В соседней подворотне стояли две женщины.

– Бедняжка, – сказала одна другой, – сирота, да еще и бесприданница…

Девушка свернула за угол. Там, стиснутый двумя богатыми дворами, стоял маленький серый дом. Адриана пнула ногой незапертую дверь и вошла.

Внутри было ненамного теплее, чем на улице. Дрова давно кончились. Не снимая плаща, Адриана, положив руки на колени, опустилась в кресло возле холодного очага.

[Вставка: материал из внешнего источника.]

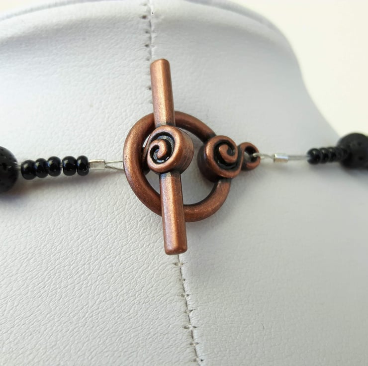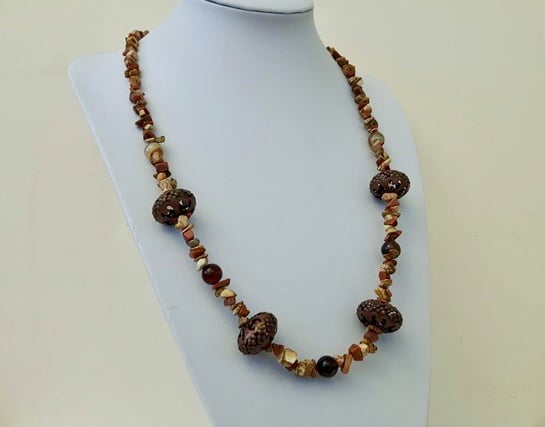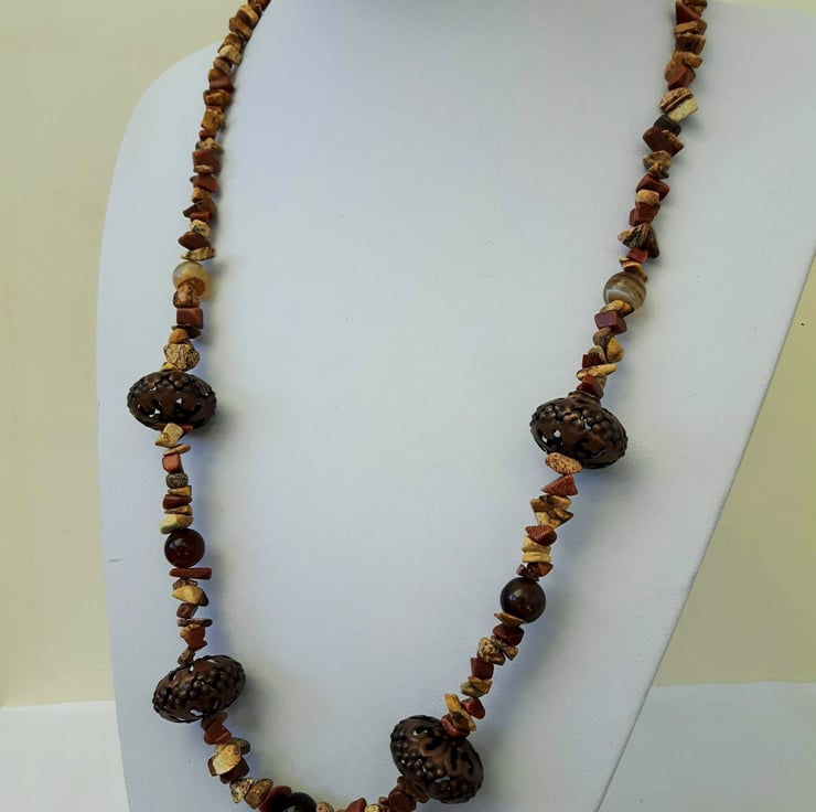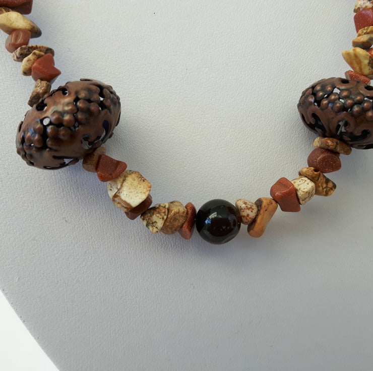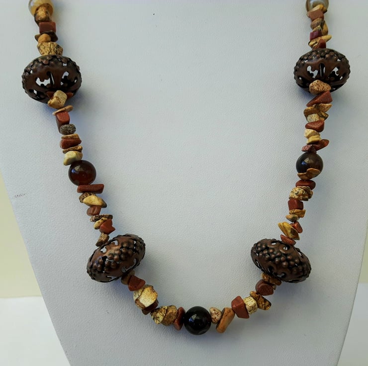 This richly coloured autumnal necklace features a mixture of gemstones: nuggets of picture Jasper and brown goldstone together with round beads of black lava rock and Botswana Agate. These are highlighted by four large coppertone beads in a filigree design which represents trees laden with fruit. The Tibetan bar and ring clasp is also in a coppertone finish. This is a fairly long necklace - about 28 inches or 72cm - and looks great over a dress or T-shirt.

Три месяца назад, во время последней вспышки чумы, умерли ее родители. Саму Адриану болезнь почему-то миновала. Отец ее был живописцем, рисовал миниатюры на пергаменте, зарабатывал плохо, но это его мало волновало. Семья жила как лилии полевые, что не жнут и не сеют. Родители Адрианы очень любили друг друга. Это было идеальное супружество. Они умерли в одночасье и до последнего дыхания были влюблены друг в друга, как в день свадьбы. Занятые только собственными чувствами, они никогда не интересовались другими людьми и не обращали на них внимания, в том числе и на свою единственную дочь. В детстве Адриана как должное принимала равнодушие отца и матери, а затем – равнодушие всех окружающих. Неуклюжая, неловкая, болезненно застенчивая, она не умела сходиться с людьми, подобно большинству обойденных вниманием детей. Сколько она себя помнила, друзей и подруг у нее не было. Смерть родителей поразила ее меньше, чем можно было ожидать. Впрочем, ее жалели – ведь жалость ни к чему не обязывает. Сосед-бургомистр, чьи заказы часто выполнял отец Адрианы, относился к ней благожелательно. С сыном его, с которым она поздоровалась на улице, – он был на четыре года старше Адрианы – ее связывали лишь отношения холодной и также ни к чему не обязывающей вежливости. Больше, пожалуй, она в последнее время ни с кем не разговаривала. В маленьком Книзе, где почти все знали друг друга, она была бесконечно одинока. И после долгих часов бесцельных скитаний по городу с еще большей силой ощущала свое одиночество. Глядя в затянутое бычьим пузырем окно, она думала о своей жизни. Пока она жила, продавая кое-какие старые вещи. Скоро в доме останутся одни голые стены. Как существовать дальше, она не знала. Прокормиться каким-нибудь ремеслом? Всегда у нее все ломалось или рвалось. «Что у тебя за руки!» – сердясь, кричала мать, и она в испуге роняла шитье или тарелку. Она прочитала все книги, какие есть в доме, у бургомистра и у другого постоянного заказчика отца – настоятеля собора Святой Маргариты, многие из них знала наизусть, но кому это нужно? Вот если бы она родилась мужчиной… да и тогда вряд ли пригодилось бы. К чему ученость, когда все кругом воюют? Замуж при такой бедности ее никто не возьмет, да она и не хотела замуж. Разве что продать дом и податься в служанки… и унизиться перед всем городом? Нет уж, лучше так… существовать бесцельно, никчемно, забившись в собственную конуру, и каждый день думать только о том, как бы протянуть дальше.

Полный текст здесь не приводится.